Later Saturday morning, after my last post, Ken was put back on "critical care status," which meant he was again hooked up to monitors for his heart, pulse, respiration, blood pressure, and oxygen. He had a CT scan of his chest which showed no abscesses or lesions or pockets of fluid. His doctors conferred with an infection specialist who changed one of Ken's antibiotics to one of the strongest IV antibiotics they could give him.
Then we waited to see what would happen.
Saturday night he had a low-grade fever that was gone by Sunday morning.
By this morning he had gone 24 hours without a fever...for the first time in two weeks.
Ken was feeling better and looked healthier. He started lobbying to go home this morning and tried again this afternoon. No go, although his improving condition again earned him an upgrade to "floor status" which stuck this time. Monitors were removed. Late this afternoon we were told he would be moved to a regular room on another floor, so for the third time he made a plea to go home.

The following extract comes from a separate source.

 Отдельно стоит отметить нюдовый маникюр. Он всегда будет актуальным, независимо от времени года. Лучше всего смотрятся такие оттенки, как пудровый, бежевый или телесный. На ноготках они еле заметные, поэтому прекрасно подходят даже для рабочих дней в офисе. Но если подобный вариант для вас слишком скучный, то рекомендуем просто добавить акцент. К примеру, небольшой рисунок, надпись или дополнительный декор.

The doctor on duty met his request with a challenge: if Ken could walk up and down the hall without oxygen and score better than a 92 oxygen rate on room air, he could go home. And Ken tried. He really tried, but I could tell he was winded. His oxygen rate was 86.
So he has been moved to a room on the 4th floor. He has the room to himself, and there is a bathroom with a door. The nurse brought in a cot so I don't have to sleep in a recliner.
I was planning to go home tonight...until Ken was moved. I decided to stay in case he was discharged first thing in the morning.
This evening he went a couple hours without oxygen, and I could see that he was beginning to fade ~ his eyes drooped and his breathing got shallow. When the nurse checked his oxygen rate, it was 88. He is back on 2 liters of oxygen.
Ken has gone to bed. He is coughing and muttering in a restless sleep. I am glad I will be here when he wakes up, to help if he needs it or just to let him know he's not alone.
Someone said to me today that it may take a while for me to recognize the lesson from this experience. I told her I can't imagine what the lesson might be. We were doing fine, and we knew it. Ken and I would look at each other and say, at the same moment, how lucky we are ~ a good marriage, three great kids, and our health. We knew our lives were good. We didn't need a serious illness to teach us anything or point us in a different direction.
Four days ago I sat down with pen and paper. I told Ken I wanted to make a "wish list." I wanted us to write down everything we wanted....and we both knew his first item was a John Deere tractor. I wrote down that I want a job. Then we got silent. Of things that are within our control, we couldn't think of another thing that either of us wanted.
Yes, we have known for a long time how lucky we are, how blessed our lives are, and how much we have to be grateful for.
Ken is fighting a serious case of pneumonia, and he is slowly getting better. When he is well again, we will celebrate the things we treasure and how glad we are that we've known our good fortune all along.
Subscribe to:
Post Comments (Atom)
6 comments:
What a journey you are on ... I'm so glad Ken is slowly getting better and hope he continues to improve each day. Take care of yourself, too, Sharon, to stay strong. Sending good thoughts and prayers your way.
I stopped by your blog before I headed to bed, and found you'd posted this. This is such good news.
And it may not be a lesson this experience has for you, so much as a gift of some sort, even if (or especially if) it's a renewed celebration of this adventure called "life".
What a time you and Ken are living through. May he regain his health and come home to use that tractor.
Maybe it's not a lesson but an affirmation experience? Yeah, I know. Why? But there is no why. There just is.
I'm glad to hear that Ken is making progress. Men are such lousy patients. If they would just rest longer than they feel like it perhaps they would feel better sooner.
Make sure you are getting what you need too, 'k?
Oh my, Sharon. What an ordeal for Ken and for you going through this unexpected illness. You both are in my thoughts. Let's hope that this week he will get discharged and start the mending that comes when he's in familiar surroundings of home. There's nothing quite like home.
Sharon, my mother had lung issues and pneumonia, and my experience is that it's best not to rush going home. I would guess that Ken needs some solid time building up his lung capacity, and a reasonable stay in a hospital or rehab can really help.
I know you're coping with a lot right now, and I'll say a prayer for you and Ken.